Reputation: 361
I've been trying to read up on the use of clustered indexes as a means of improving query performance.
Essentially, I have a 'Messages' table, which is used in a chat application. When the user opens a chat, we read the message history from the table based on the customer the user is speaking to.
The messages table is structured with the columns:
Id : CustomerId : Content
The query most often used on the table will be something like
SELECT * FROM Message WHERE CustomerId = @CustomerId
My question is, is the CustomerId column a suitable candidate for a clustered index? Also, given that the ID field is the primary key, will SQL Server still need to 'uniqueify' the clustered index?
The table will be heavy on both selects and inserts.
Upvotes: 2
Views: 4517
Reputation: 294227
Adding a clustered index on a key on which there is already a primary key constrain is an unnecessary duplication. Instead the primary key constrain should also be the clustered index. However, your question is actually different...
is the CustomerId column a suitable candidate for a clustered index?
One cannot answer this without knowing how you will be querying the table. There are numerous query patterns for which this organization will not be optimal (typical examples being time series where the time column is the appropriate clustered key). And there are just as many examples of queries for which this is the best clustered index. Unanswerable.
given that the ID field is the primary key, will SQL Server still need to 'uniqueify' the clustered index?
If the index is not declared unique then SQL Server will add the uniquifier column. The column value will never materialize though, as no duplicates will ever occur.
I have a 'Messages' table, which is used in a chat application ...
WHERE CustomerId = @Id
... the ID field is the primary key
Pardon me, but this does not make any sense. What you're saying is that the Messages
table can have only one message from each customer. That would make a horrible chat experience. I'm pretty sure your explanation is wrong.
I would expect a Customers
table with clustered index and primary key constraint on CustomerId
. The Messages
table is likely to be organized by chat room, or some other group organization that pairs the chat participants.
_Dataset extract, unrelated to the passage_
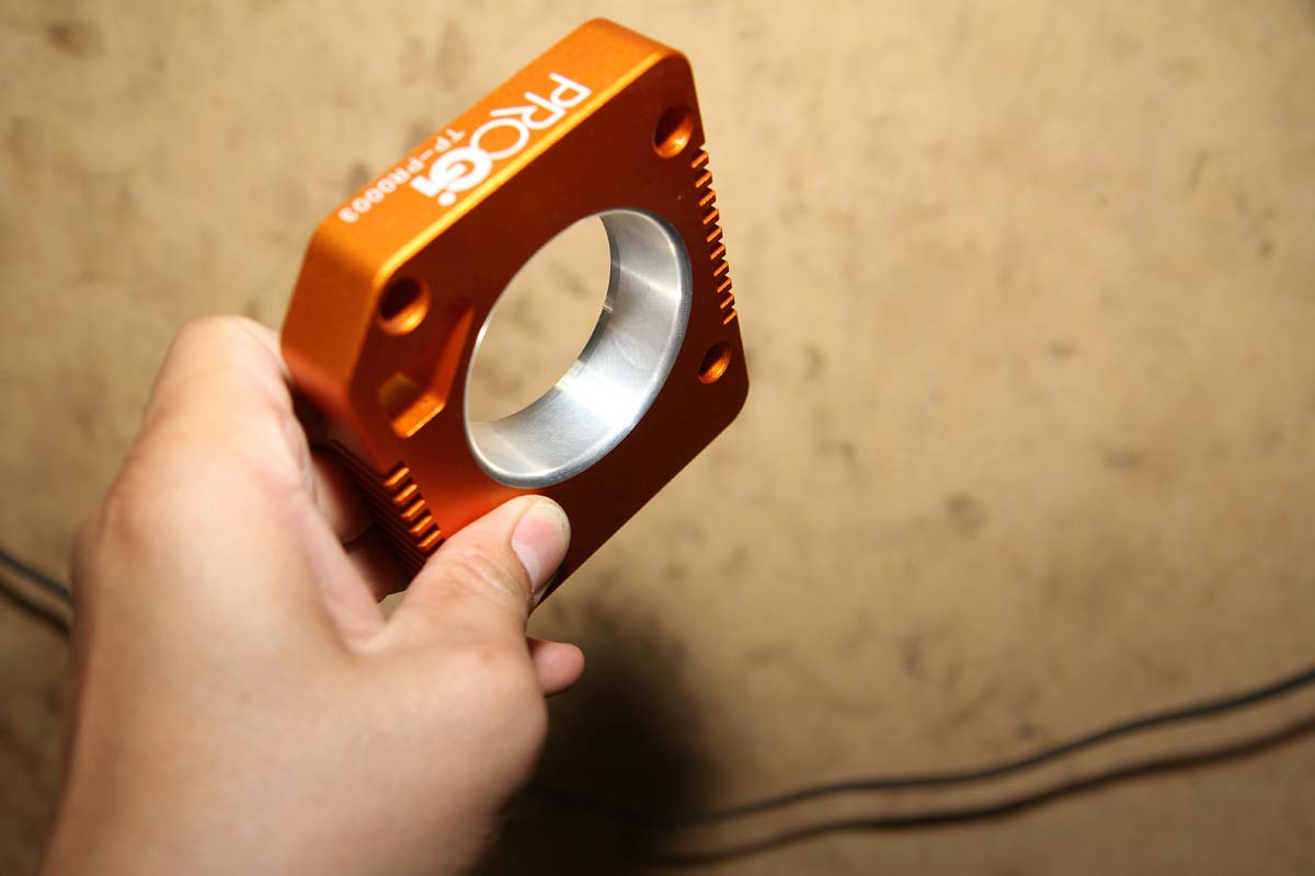 這次要教大家安裝的產品是能提昇動力的節氣門墊高片,其外型是一片鋁合金CNC切削而成的方型片狀物體,厚度大約有2公分左右,中央有圓形孔洞,安裝的位置在節氣門與進歧管間,改裝效果具廠商表示能透過其喇叭口的進氣孔,提高空氣流速,使燃燒室獲得更佳的填充效率,反應在車輛上就是加速會變得比較輕快。

If the chats are always between one and exactly one Customer and a representative, then the 'chat room' may be the customer itself. In any way, the typical querying of such a Messages
table would want all the Messages exchanged in a chat room, in the order posted or all the Messages exchanged with a customer, in the order posted. This is, actually, a partitioned time series and best served by a clustered index like (chat_id, post_time)
or (customer_id, post_time)
. Note that this is not the primary key, the table may well have a message_id
as primary key, but non-clustered.
Upvotes: 0
Reputation: 1269583
The clustered index does not need to be unique, so it is possible.
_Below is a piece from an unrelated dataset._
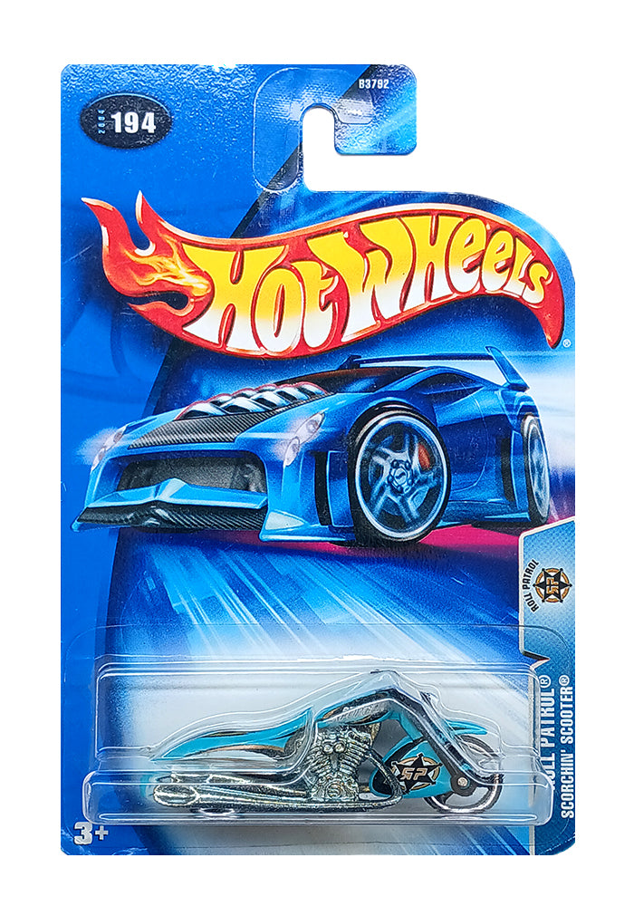 EXCLUSIVES Hot Wheels Roll Patrol Scorchin' Scooter - Green / Silver - 2003 Card (With Protector Case)

However, the issue is that each time a new message is inserted, SQL Server needs to find a space for the new row next to the other rows for the same customer. This can often be inefficient, because pages need to be split, resulting in many half-filled pages. And, things get even more complicated if you have deletes on the rows as well.
There are several options. In a busy database, you can leave room on the pages for additional inserts. Or, another option is to partition the table based on the customer id. It all depends.
Under most circumstances, an identity column on the messages table would be the primary key and the clustered key as well. An additional index on the customer table would be sufficient. But, there are definitely alternative structures that can work better in some scenarios.
Upvotes: 2